(Items from a dataset)
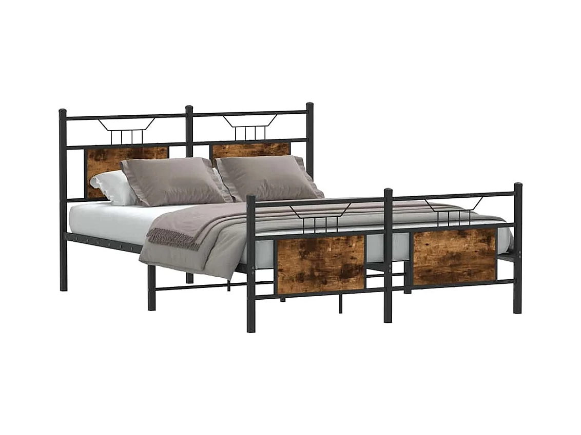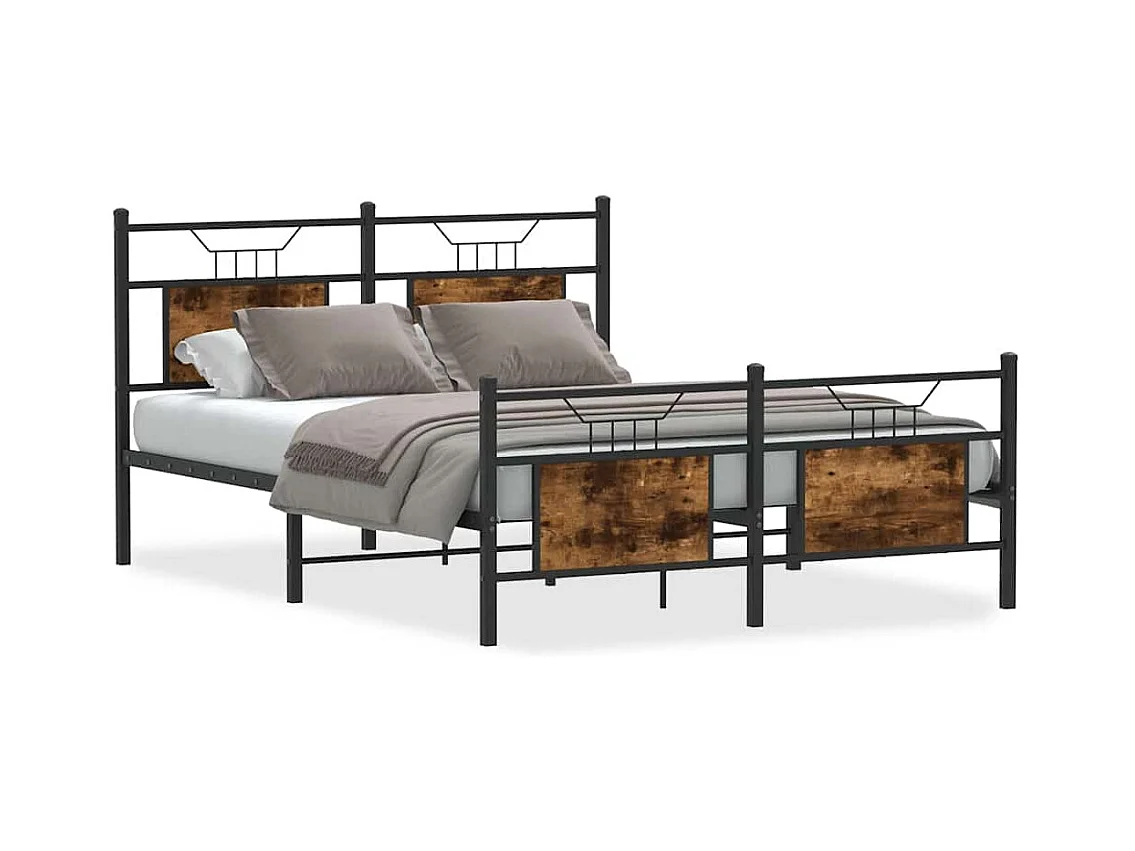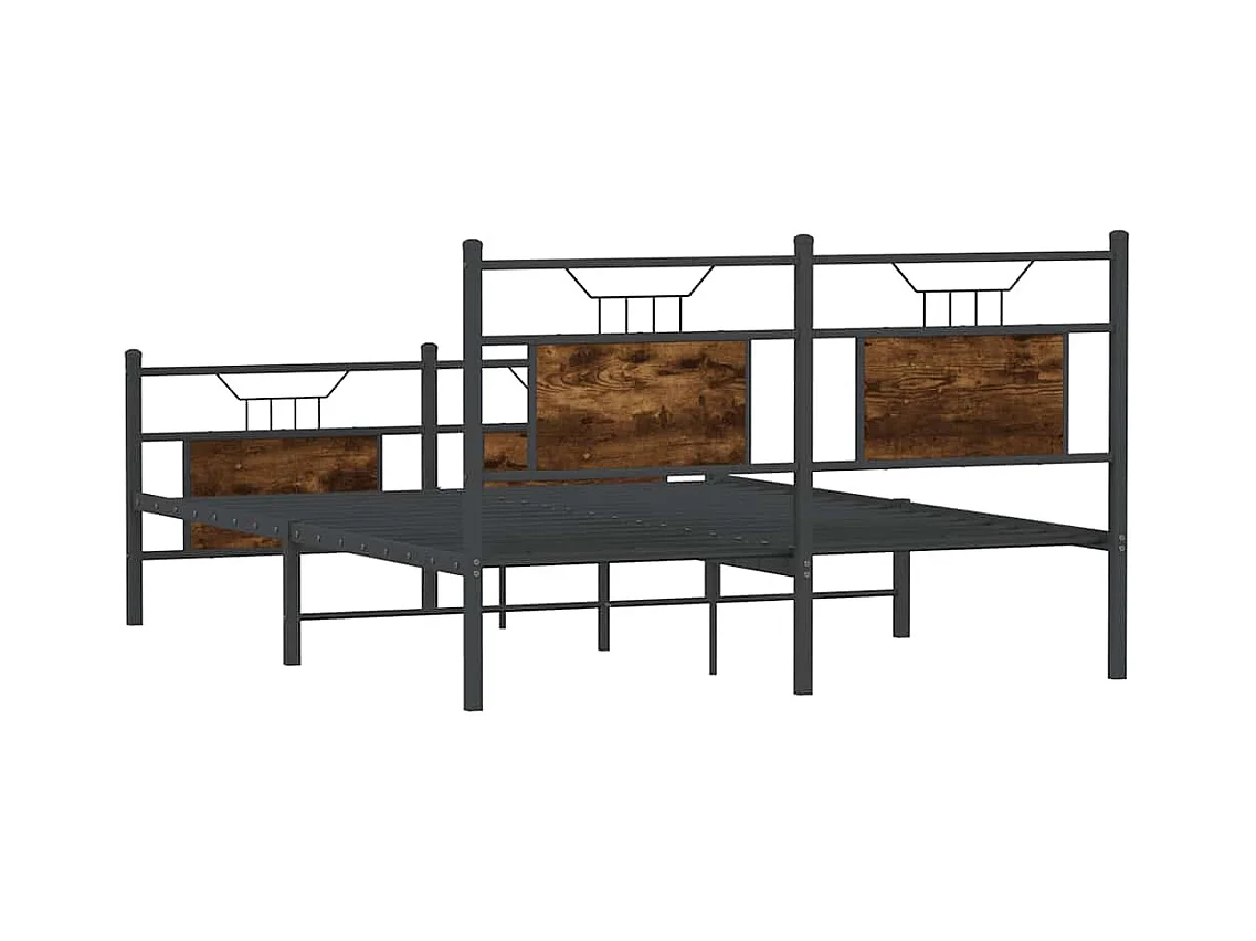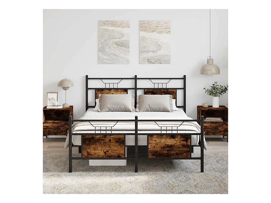 Cadre de lit métal avec tête de lit chêne fumé 137x190 cm
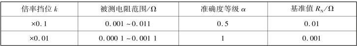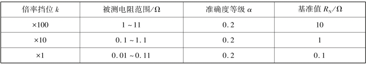 QJ44 型直流双臂电桥是测量0.000 1 ~11 Ω 电阻的双臂电桥,全量程由5 个量限和步进读数盘及滑线读数盘组成。 电桥的标称使用温度为(20±15)℃,标称使用相对湿度为25% ~80%。 直流双臂电桥基本参数见表4.3。
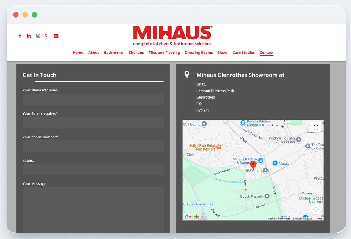 Five12 delivered a premium WordPress website for Mihaus that mirrors the quality of their Glenrothes showroom. The design is clean, image-led, and service-focused, guiding customers straight to Kitchens, Bathrooms, Projects, and the Showroom, with clear next steps on every page.
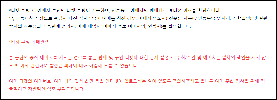 안그래도 암표상들이 활개치는 공연이다보니 이 피해로 인해 못간사람들도 많고, 나 또한 피해자가 될 수 있었다.. 이 부분은 너무나 아쉬운 부분이었다.
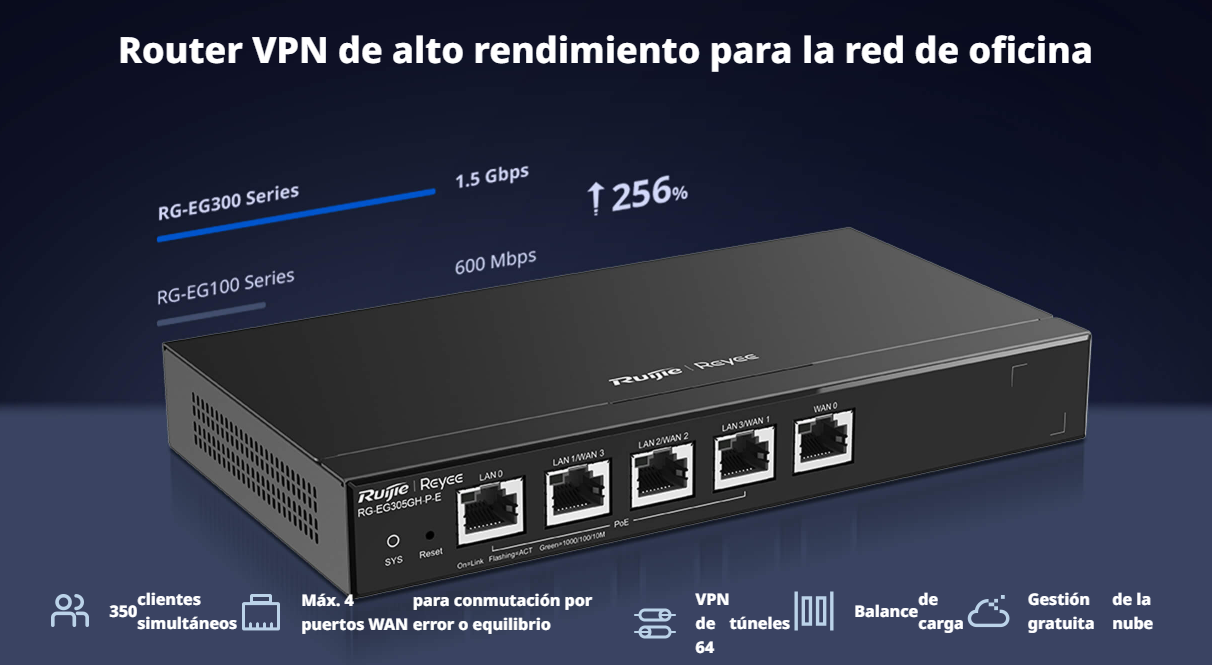 ROUTER DE 5 PUERTOS 10/100/1000 MBPS 4 PUERTO POE GIGABIT ADMINISTRABLE CLOUD RUIJIE RG-EG305GH-P-E

## The problem
Exactly as written, set down each line of the records, leaving out the pictures.

## Exercise result
 Cadre de lit métal avec tête de lit chêne fumé 137x190 cm
 QJ44 型直流双臂电桥是测量0.000 1 ~11 Ω 电阻的双臂电桥,全量程由5 个量限和步进读数盘及滑线读数盘组成。 电桥的标称使用温度为(20±15)℃,标称使用相对湿度为25% ~80%。 直流双臂电桥基本参数见表4.3。
 Five12 delivered a premium WordPress website for Mihaus that mirrors the quality of their Glenrothes showroom. The design is clean, image-led, and service-focused, guiding customers straight to Kitchens, Bathrooms, Projects, and the Showroom, with clear next steps on every page.
 안그래도 암표상들이 활개치는 공연이다보니 이 피해로 인해 못간사람들도 많고, 나 또한 피해자가 될 수 있었다.. 이 부분은 너무나 아쉬운 부분이었다.
 ROUTER DE 5 PUERTOS 10/100/1000 MBPS 4 PUERTO POE GIGABIT ADMINISTRABLE CLOUD RUIJIE RG-EG305GH-P-E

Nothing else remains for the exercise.